Une campagne de Russie que l'on a trop tendance à résumer entre les deux franchissements du Niémen en juin à l'aller et décembre au retour , alors que pour les combattants la campagne ne se termine qu'à Paris en 1814 . La population parisienne découvre alors sur les Champs Elysées ces étranges cavaliers venus d'Orient . comment en est on arrivé là ?
Le cheval , à l'époque , supporte toutes les fonctions actuelles : du char d'assaut , du camion , de l'avion , de l'artillerie mécanisée ., il est l'élément essentiel à toute guerre terrestre , assurant ; la reconnaissance , le choc , la poursuite . Certainement la vraie raison de la défaite de Napoléon .
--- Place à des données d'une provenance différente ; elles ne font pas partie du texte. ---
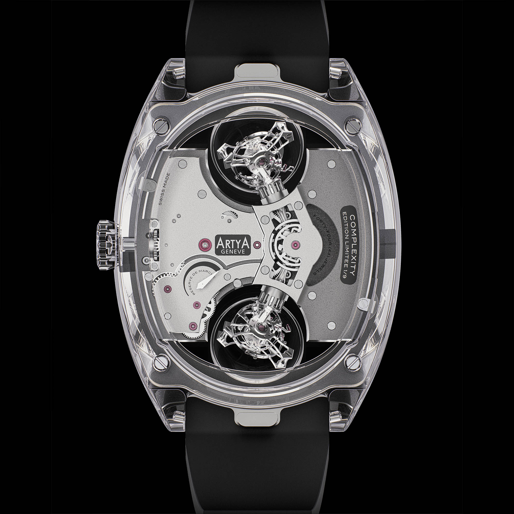 ArtyA unveils the Complexity at Watches & Wonders 2026, a world premiere limited to 9 pieces. Two inclined tourbillons set at 12H and 6H work through a differential inside a fully transparent sapphire case or a deep red synthetic ruby case. It is an unabashed mechanical statement, but one with purpose.

La Russie bénéficie d'une supériorité écrasante en matiére de cavalerie légére , celle ci va contribuer à l'anéantissement de la Grande Armée en la privant de nourriture et de repos au retour comme en la harcelant et l'épuisant à l'aller .
Napoléon perd pratiquement tous ses hommes mais il perd surtout tous ses chevaux en Russie , il pourra remplacer les premiers mais jamais les seconds .en 1813 les victoires ne pourront être décisives faute de cavalerie et ce jusqu'à la défaite finale .
Visiblement les Russes ont mieux géré et préservé leurs régiments de cavalerie .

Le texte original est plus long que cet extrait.